A team of researchers affiliated with Ludwig Cancer Research and the Karolinska Institutet in Sweden report in the current issue of Nature Methods a dramatically improved technique for analyzing the genes expressed within a single cell—a capability of relevance to everything from basic research to future cancer diagnostics.
"There are cells in tumors and in healthy tissues that are not present in sufficient numbers to permit analysis using anything but single-cell methods," explains senior author, Rickard Sandberg, PhD. "This method allows us to identify rare and important subpopulations of cells in all sorts of tissues. We can also use it to tease apart, more rigorously than ever before, how the expression of unique suites of genes transform cells from one state to another as, say, an embryo develops into an organism, or a tumor becomes metastatic."
Traditional approaches, which depend on the collective analysis of gene expression in millions of cells at once, tend to obscure biologically significant differences in the genes expressed by specialized cells within a particular kind of tissue. Single-cell analysis of gene expression overcomes this limitation. The leading method for such analysis—Smart-seq—was developed in 2012 by the biotechnology firm Illumina, together with Sandberg's laboratory.
To develop the new technique, named Smart-seq2, Sandberg's team conducted more than 450 experiments to improve upon their initial method. The new procedure consistently captures three to four times as many RNA molecules, which often translates into 2,000 more genes per cell than current methods allow.

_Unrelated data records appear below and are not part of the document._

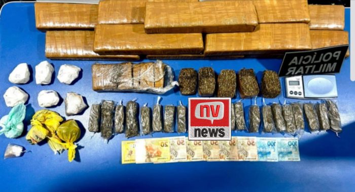 Durante a abordagem, foram apreendidos 17 tabletes de maconha, totalizando 9,5 kg; 22 buchas de maconha; 380 gramas de crack; 64 gramas de cocaína; além de R$ 470,00 em espécie.
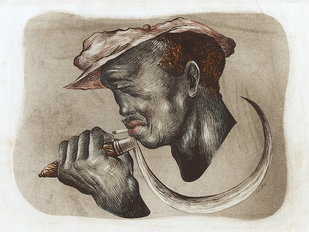 Eldzior Cortor, Man with Sickle, 1945. Drawing. 10.5 x 14 in.
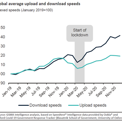 GSMA 基于 SpeedTest 的数据,做了一个全球平均网速的上下行对比。
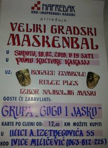 U subotu 10.2.2018.godine u 19:00 sati u Domu kulture u Kaknju bit će upriličen Tradicionalni veliki gradski maskenbal u organizaciji Hrvatskog kulturnog društva “Napredak”.
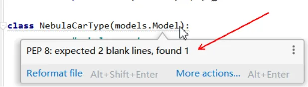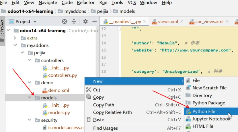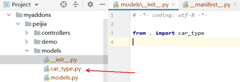 在左侧列表myaddons->peijia->models上点击鼠标右键,选择new->Python File。在弹出的对话框输入文件名car_type,点击Python file,PyCharm在指定的目录自动生成文件并打开。# -*- coding: utf-8 -*-# &&&&&&&&&&&&&&&&&&&&&&&&&&&&&&&&&&&&&&&&&&&&&&&&&&&&&&&&&&&&&&&&&&&# NebulaERP odoo14.0# QQ:50282# 邮件:50282@qq.com# 手机:1111111111# 作者:'Nebula'# 公司网址: www.erpSoft.org# Copyright 2012-2020 Nebula# 日期:2020/3/25# &&&&&&&&&&&&&&&&&&&&&&&&&&&&&&&&&&&&&&&&&&&&&&&&&&&&&&&&&&&&&&&&&&&from odoo import fields, modelsclass NebulaCarType(models.Model): _name = "nebula.car.type" _description = "车辆类型" _order = 'name' name = fields.Char(string='类型编号', size=2, required=True, copy=False, index=True) name_type = fields.Char(string='类型名称') active = fields.Boolean(default=True, string='是否启用', size=2) first_maintain = fields.Integer(string='首保公里数', size=8, default=3500) every_maintain = fields.Integer(string='日常保养公里数', size=8, default=7500) note = fields.Text('备注') # 数据库层面的约束,所以效率比较高 _sql_constraints = [('check_uniq_name', 'unique(name)', '不允许同类型编号'), ('check_uniq_type', 'unique(name_type)', '不允许同类型编号') ]
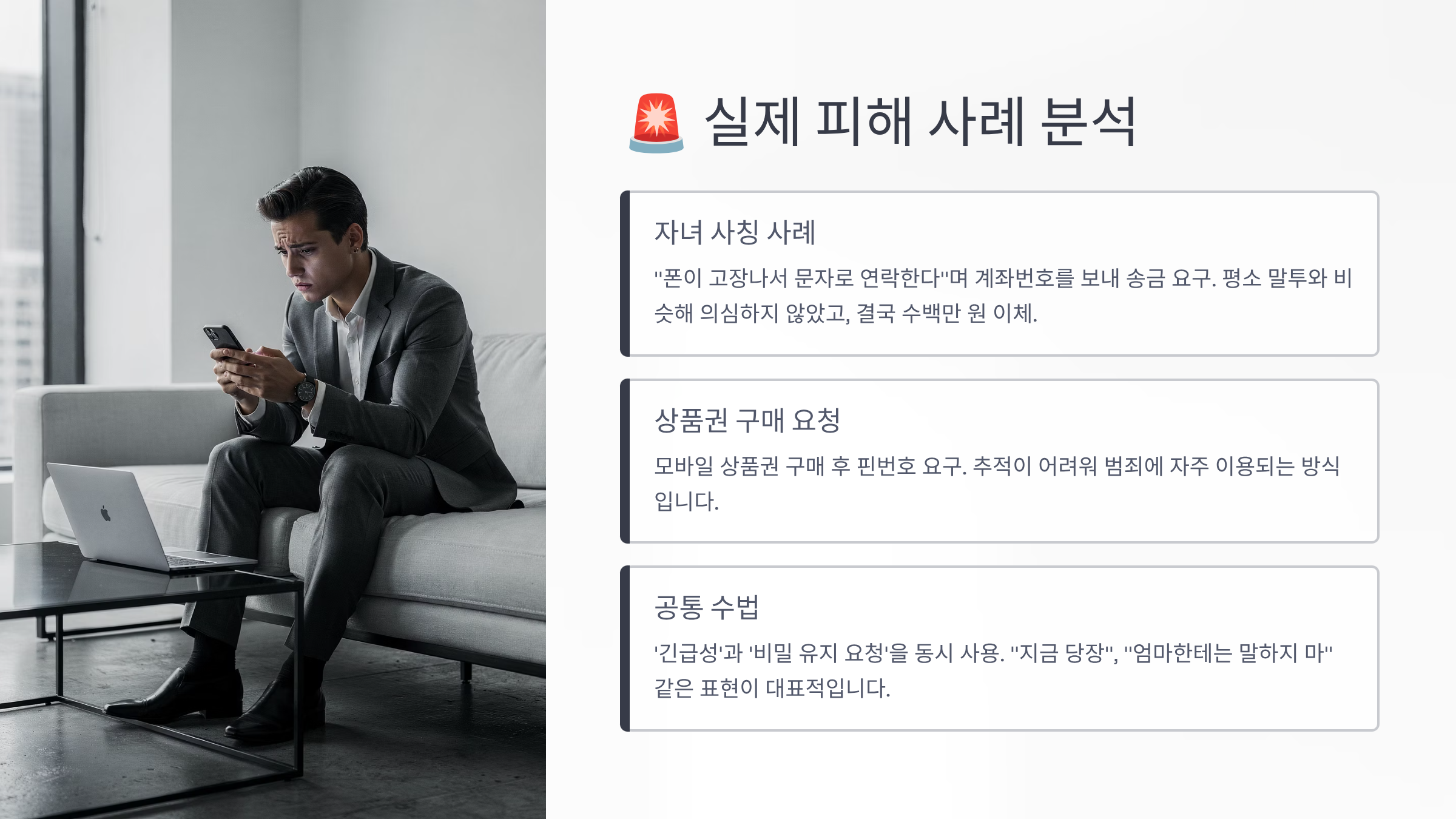 금융감독원 보이스피싱 피해 예방 자료에 따르면, 지인 사칭형은 ‘긴급성’과 ‘비밀 유지 요청’을 동시에 사용한다는 공통점이 있습니다. “지금 당장”, “엄마한테는 말하지 마” 같은 표현이 대표적입니다.
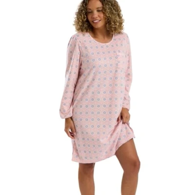 Indigo Sky Womens Loulou Light & Warm Fleece Nightshirt Cosy Printed Loungewear Nightdress with Long Sleeves Pocket, Pink, 12 14
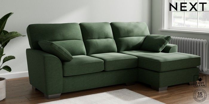 7.3.1 Buy Stamford Highback Medium Sofa Chaise - Right Hand Fine Chenille Easy Clean Mid Khaki Green Large Square Angle - Gunmetal from the Next UK online shop Click here to use our accessible website
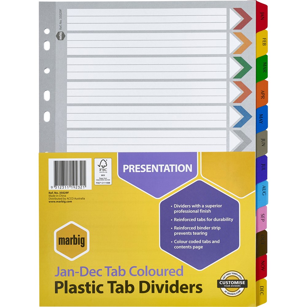 Marbig Plastic Indices & Dividers A4 Reinforced Jan-Dec Tab Multi Colour

It also captures far more full-length gene sequences, a steep challenge in such studies, which often capture only partial sequences of expressed genes. This will permit researchers to conduct a more granular analysis of how subtle differences between the same genes in different people—known as single nucleotide polymorphisms (or SNPs)—contribute to differences in biology and disease.

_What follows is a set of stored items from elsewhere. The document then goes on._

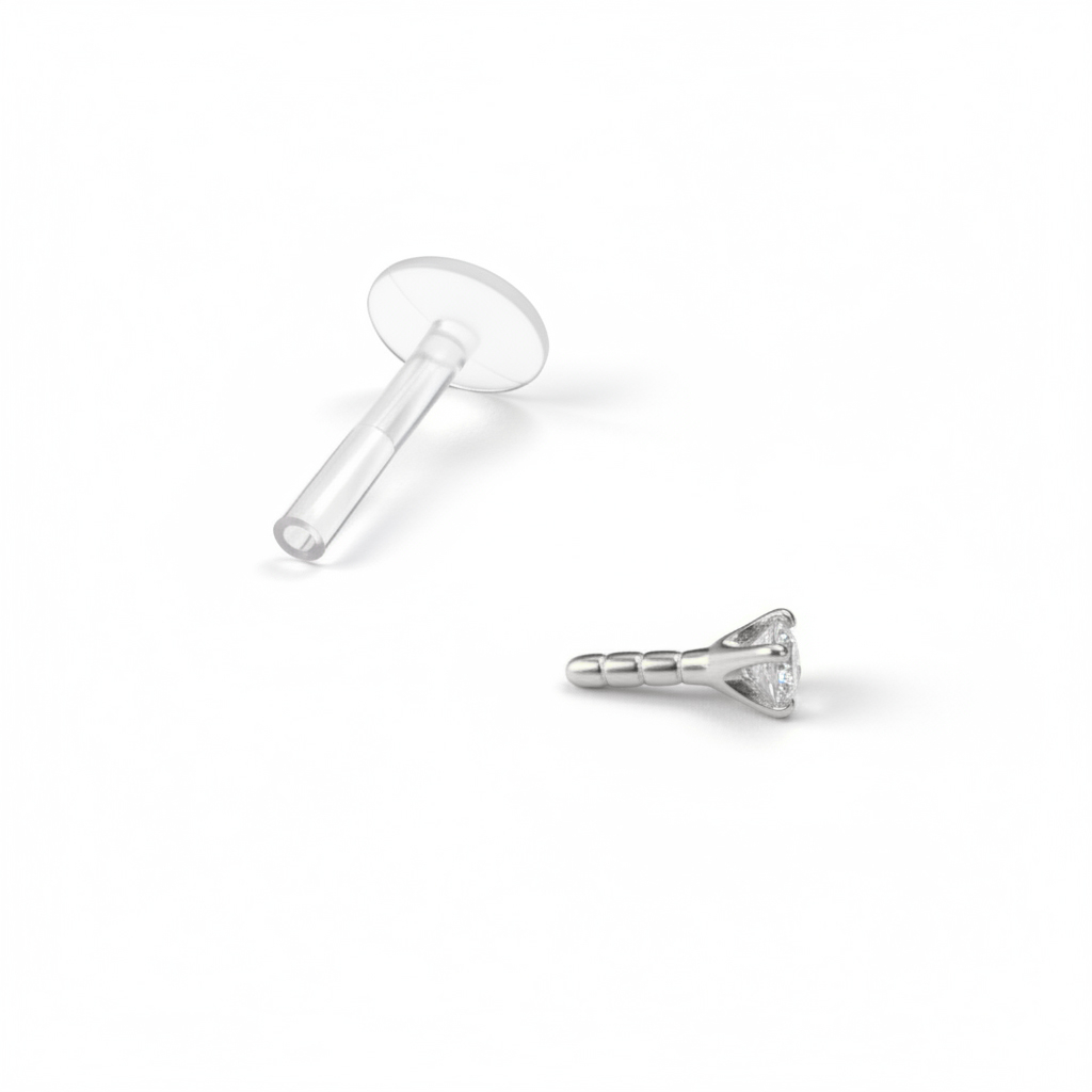 Navn: Labret af 14 karat guld med rund sten og ptfe stav
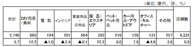 カテゴリー別では「園芸・エクステリア」が22.2%と大きく伸長した。「DIY用具・素材」も12.2%と二桁増。そして「カー用品・アウトドア」7.9%増と続く。
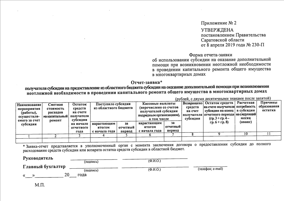 Постановление Правительства Саратовской области от 08.04.2019 N 230-П "Об утверждении Положения о предоставлении субсидии на оказание дополнительной помощи при возникновении неотложной необходимости в проведении капитального ремонта общего имущества в многоквартирных домах" (вместе с "Отчетом-заявкой получателя субсидии на предоставление из областного бюджета субсидии на оказание дополнительной помощи при возникновении неотложной необходимости в проведении капитального ремонта общего имущества в многоквартирных домах", "Сводным отчетом министерства строительства и жилищно-коммунального хозяйства области об использовании субсидии, предоставленной из областного бюджета на оказание дополнительной помощи при возникновении неотложной необходимости в проведении капитального ремонта общего имущества в многоквартирных домах")
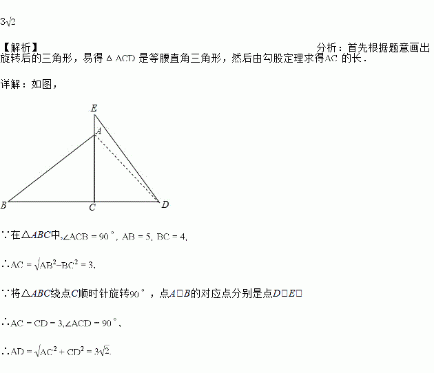 如图,在△ABC中,∠ACB=90°,AB=5,BC=4,将△ABC绕点C顺时针旋转90°,若点A、B的对应点分别是点D、E,请直接画出旋转后的三角形简图(不要求尺规作图),并求点A与点D之间的距离.
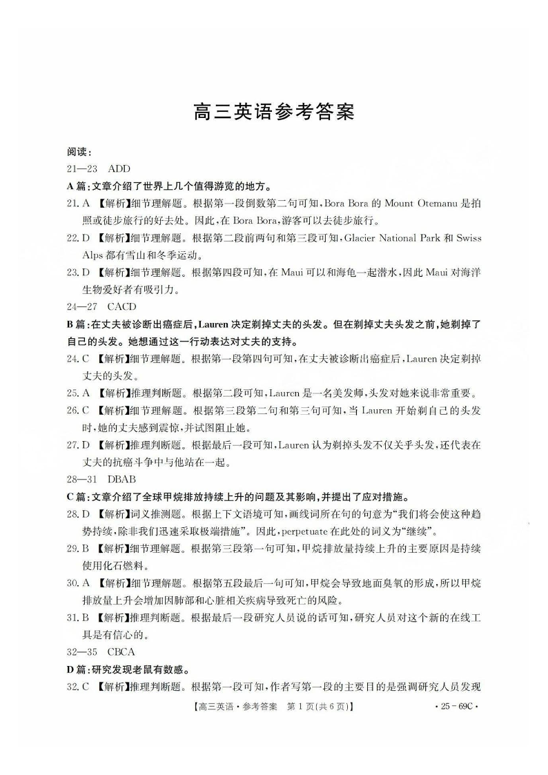 广东省部分学校2025届高三10月联考 英语答案
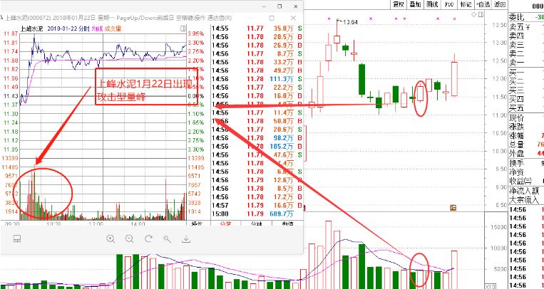 我們以上峰水泥的走勢(shì)圖來(lái)進(jìn)行介紹,該股在縮量整理過(guò)程中,1月22日雖然是縮量狀態(tài),再度當(dāng)天分時(shí)結(jié)構(gòu)中出現(xiàn)了非常標(biāo)準(zhǔn)的攻擊型量峰,這其實(shí)就是為后面的大陽(yáng)線埋下伏筆。
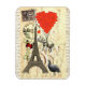 Un animal de elefante vintage divertidísimo y jovial, con globos en forma de corazón valentino rojo, con la torre Eiffel. París, Francia en un diseño retro de postal antiguo, con pavo real y mariposa. Visite la TIENDA de VINTAGEPRINTS para más diversión ilustracion vintage, románticos regalos día de San Valentín.
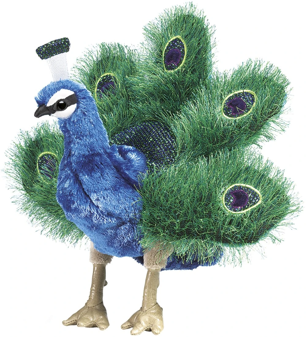 Folkmanis Handpuppe Puppet 2834 Kleiner Pfau Blau, Grün
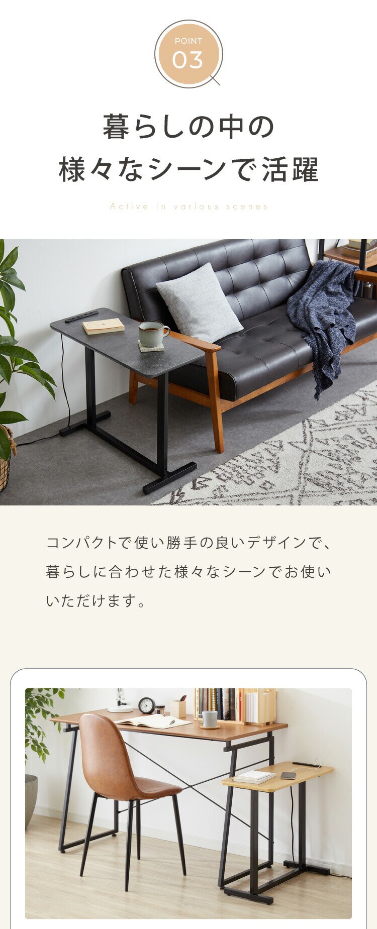 ・ソファテーブルでもサイドテーブルでも両方で使用できるマルチテーブルです。

The new method is likely to be of great value to cancer research. Identifying rare sub-populations of cells in tumors and understanding their role in the survival and progression of cancers can provide invaluable information for the development of diagnostics and targeted therapies. A study recently published by Ludwig researchers described, for example, how certain subpopulations of cells in melanomas can be pushed into a drug-susceptible state and then destroyed by chemotherapy. More such strategies might be devised as researchers get a better handle on the cellular species found in different types of tumors, and the patterns of gene expression that define them.
Because Smart-seq2 relies on off-the-shelf reagents, it costs roughly a twentieth as much as the commercialized kit, which should allow researchers to conduct sophisticated analyses of single cells on a much larger scale. It can also be improved further by the scientific community, since its constituent components and rationale are both open to the public.
Armed with the more effective and affordable Smart-seq2, Sandberg's lab is now moving ahead on projects that require a large-scale, single-cell gene expression analysis. "Now all researchers can do their own single-cell gene expression analysis by buying the components of the process described in this paper and assembling their own kits," says Sandberg.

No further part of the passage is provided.